New Clarity partnered with eMortgage Capital, one of the nation’s largest brokerages, to prototype an AI-powered assistant for loan placement. The prototype ingested a limited set of private lender guidelines and enabled brokers to quickly surface potential fits for complex borrower scenarios, turning hours of manual search into seconds and showing what a scaled solution could achieve.
Overview
For many borrowers, especially those with unique financial profiles, traditional mortgage products do not fit. Brokers often spend hours digging through inboxes, outdated PDFs, and lender portals trying to find a match among private lenders. This slows down deals, frustrates borrowers, and limits the broker’s ability to serve more clients.
New Clarity worked with Zach Spradling, Division Manager at eMortgage Capital, to build a proof-of-concept prototype that automated this process. Using a Retrieval-Augmented Generation (RAG) model, the app ingested guidelines from a select group of providers and surfaced instant answers when brokers provided borrower details.
The result was a working demonstration of how AI could transform loan placement into a faster, more precise, and customer-friendly process.
The Challenge
Brokers at eMortgage Capital faced three core obstacles in serving non-traditional borrowers:
- Fragmented Information
Guidelines from private lenders arrive as PDFs and email updates, scattered across inboxes and shared drives. Staying current is difficult even with a small set of partners. - Time-Intensive Research
Finding a home for a complex loan such as self-employed borrowers, unusual income sources, or non-standard credit can take hours or even days of manual searching. - Customer Experience Risk
Every extra day it takes to find a solution increases the risk of losing a customer to another brokerage or leaving them without financing altogether.
The New Clarity Solution
We built a RAG-powered chatbot prototype designed to fit seamlessly into the broker workflow.
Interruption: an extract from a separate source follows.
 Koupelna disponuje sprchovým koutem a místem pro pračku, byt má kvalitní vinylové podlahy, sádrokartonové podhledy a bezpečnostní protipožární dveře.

- Guideline Ingestion (Prototype Scope)
The system ingested guidelines from a limited number of private lenders that eMortgage Capital interacted with most frequently. This provided a test set of real-world data to validate the concept. - AI-Powered Search & Match
Brokers could describe a borrower scenario in plain language (for example, “Self-employed, 2 years in business, 15% down, 640 credit score”). The prototype instantly searched across the ingested guidelines and surfaced relevant programs. - Interactive Chat Interface
Instead of manually parsing PDFs, brokers interacted with a chat app that provided:- Matching lenders and loan programs
- Key requirements highlighted (such as credit score minimums, reserve requirements)
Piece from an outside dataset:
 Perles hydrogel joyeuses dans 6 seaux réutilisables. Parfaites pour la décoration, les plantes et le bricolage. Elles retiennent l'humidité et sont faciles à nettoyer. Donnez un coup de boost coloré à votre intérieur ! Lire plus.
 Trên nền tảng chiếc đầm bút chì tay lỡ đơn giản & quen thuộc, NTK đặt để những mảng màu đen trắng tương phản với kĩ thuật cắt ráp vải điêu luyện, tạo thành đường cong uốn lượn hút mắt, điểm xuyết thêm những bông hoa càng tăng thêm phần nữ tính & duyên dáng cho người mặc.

- Results ranked by fit, based on available data
Implementation Highlights
- Proof-of-concept ingestion of private lender guidelines
- Flowise-powered embedding system to chunk and digest unstructured data
- Pinecone vector database to store embeddings and ensure fast, accurate retrieval
- OpenAI’s GPT API as the “brain” to interpret borrower scenarios and generate natural-language responses
- Flutterflow user interface to give brokers a clean, conversational experience
- RAG (Retrieval-Augmented Generation) pipeline for precise, context-grounded responses
The Results
Even at a limited scale, the prototype showed immediate promise:
- Dramatic Time Savings: Loan placement research that previously took 2–4 hours could be answered in under a minute
- Broker Confidence: Brokers felt more assured they were not overlooking options in their most common lender set
- Customer Experience: Faster responses gave borrowers confidence and trust in their broker
The prototype demonstrated how AI could reshape loan placement by streamlining workflows and unlocking new levels of service quality, pointing toward what is possible with broader adoption.
Testimonial
“What excited me most about this prototype was how quickly it showed the potential of AI in lending. Even though it was built on a limited set of lender guidelines, it gave us a clear view of how powerful the technology could be at scale. Normally, finding the right program for a borrower with non-standard circumstances means hours of digging through emails and lender PDFs. With this system, we could surface those answers almost instantly. That is a game-changer not just for efficiency, but for the quality of service we provide to our clients. It is a glimpse of what the future of our industry could look like.”
— Zach Spradling, Division Manager, eMortgage Capital
Why the Customer Chose New Clarity
- Deep Workflow Understanding – We focused on the exact friction brokers face daily, not abstract AI hype
- Future-Ready Prototype – The project demonstrated what could be possible at scale, with minimal workflow disruption
- Customer-Centric Design – Built to elevate both the broker’s productivity and the borrower’s experience
Possibilities for New Clients
For brokerages, lenders, and financial services firms, AI-driven knowledge systems can:
- Keep teams current on complex, ever-changing product guidelines
- Enable instant answers that free up time for higher-value client work
- Improve customer trust and win rates by delivering faster, more confident guidance
Whether applied to loan placement, underwriting, or client servicing, AI knowledge retrieval unlocks both efficiency and growth.